Only the pictures should be dropped; every line of the data must come back exactly as written.

* [Given information]:
"""
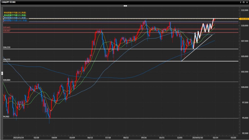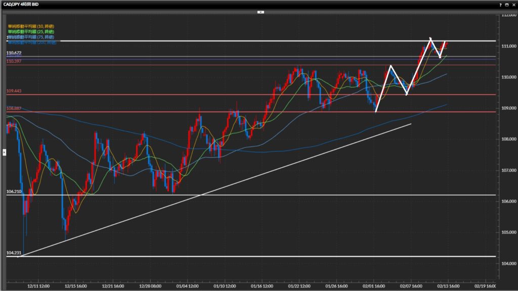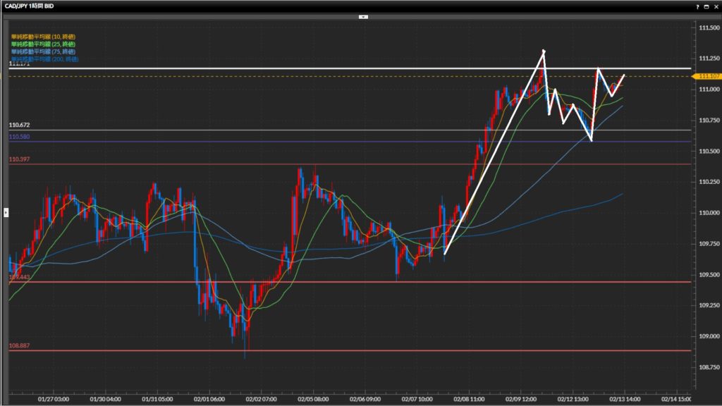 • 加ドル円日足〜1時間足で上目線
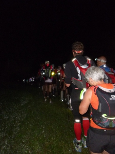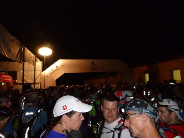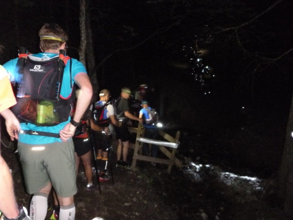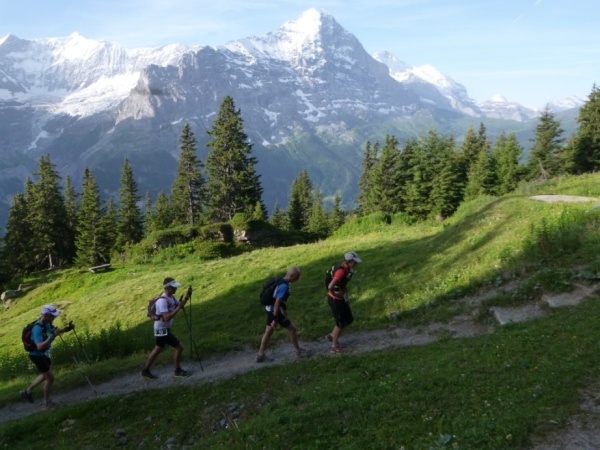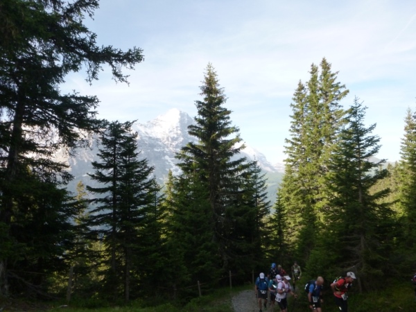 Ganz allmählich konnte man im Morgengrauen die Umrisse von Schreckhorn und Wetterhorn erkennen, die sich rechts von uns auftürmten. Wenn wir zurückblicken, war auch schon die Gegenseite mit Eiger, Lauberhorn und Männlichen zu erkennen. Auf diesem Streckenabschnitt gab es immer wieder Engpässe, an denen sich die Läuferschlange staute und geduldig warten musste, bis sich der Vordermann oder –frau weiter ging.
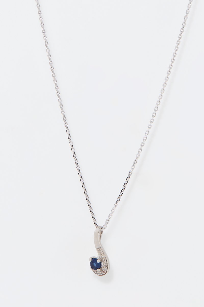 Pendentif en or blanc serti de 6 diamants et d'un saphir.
"""
* [Exercise solution]:
 • 加ドル円日足〜1時間足で上目線
 Ganz allmählich konnte man im Morgengrauen die Umrisse von Schreckhorn und Wetterhorn erkennen, die sich rechts von uns auftürmten. Wenn wir zurückblicken, war auch schon die Gegenseite mit Eiger, Lauberhorn und Männlichen zu erkennen. Auf diesem Streckenabschnitt gab es immer wieder Engpässe, an denen sich die Läuferschlange staute und geduldig warten musste, bis sich der Vordermann oder –frau weiter ging.
 Pendentif en or blanc serti de 6 diamants et d'un saphir.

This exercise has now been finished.